Маска

     Случай, о котором я хочу рассказать, не слишком похож на правду. Сам не знаю, как к этому относиться. Времени прошло достаточно, а как не знал, так и не знаю. И все, кому ни расскажу, такого же примерно мнения, не знаем, говорят, что бы это могло быть и возможно ли такое вообще. Но им проще, а я-то там был.
     Это случилось в восемьдесят втором. Я тогда на гидрографе «Атамания» ходил. Район работ нам достался мама не горюй, такой гнилой угол, что какие-нибудь Бермуды и рядом не валялись. Постоянные туманы, зыбь буквально душу выворачивает, до земли сотни миль. Пятую неделю мы между двух точек, как меж двух огней, болтаемся, и конца-края этому удовольствию не предвидится.
     Бодрится народ как может. Кто замлеет, того всей командой выручаем. Кому сто грамм, а кому и хорошая шутка в подмогу – команда слаженная, работаем бок о бок не первый год.
     Все, кроме штурмана, Трофимова Сергея.
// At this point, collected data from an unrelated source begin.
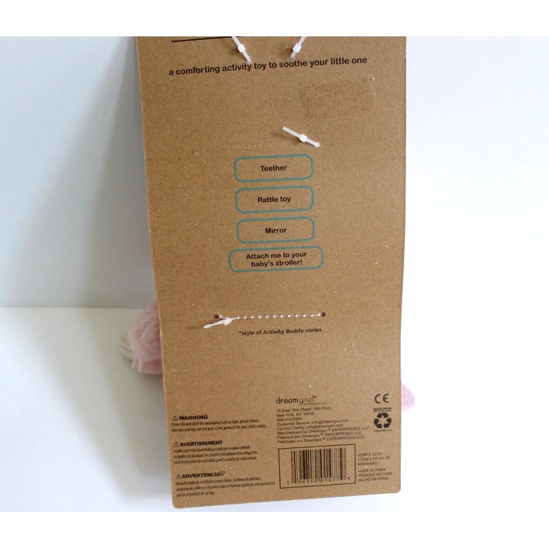 Dreamgro Fuzzy Pink Elephant Activity Buddy Plush Mirror Rattle Crinkle Teether
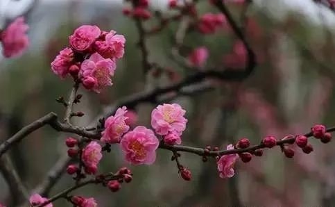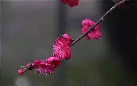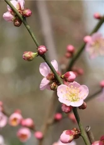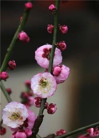 观赏特征:大枝具纵斑驳纹,黑紫褐色,皮孔中大且多,枝内新生木质部淡暗紫色。花蕾:深玫瑰红,扁圆至阔卵形。花色:红紫,反面同正面或略暗。花径:2.6(2.4~3.0)cm;雄蕊:四射后转辐射,花药土黄发紫晕。
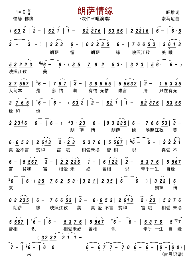 - [歌谱] 做你的新娘 索哈?次仁卓嘎

Серёга – человек новый, а как известно, где тонко, там и рвётся. Так оно и получилось.
     Смотрим – загрустил. Мужик взрослый, не мальчик, ну и отправил к нему командир буфетчицу Тасю, женщину тоже взрослую, но симпатичную и душевную.
     Не помогло. Ещё и Тася загрустила. Ни разу такого не было, говорит, чтоб мне про какую-то жуткую маску всю дорогу рассказывали. Видно, совсем вышла я в тираж, раньше не рассказывали, а показывали, и уж точно совсем не маску.
     Продолжает грустить наш Серёга. Да и наш-то он ещё не совсем, кто его знает, как с ним надо, чтоб и по-хорошему, и помогло.
     Подзывает меня командир. И просит (по-человечьи так просит, у нас отношения вообще нормальные были): ты поговори с ним сегодня в пересменку, я, мол, говорил, а толку нет. И помполит говорил, с тем же результатом. Теперь грозится на собрание этот вопрос вынести...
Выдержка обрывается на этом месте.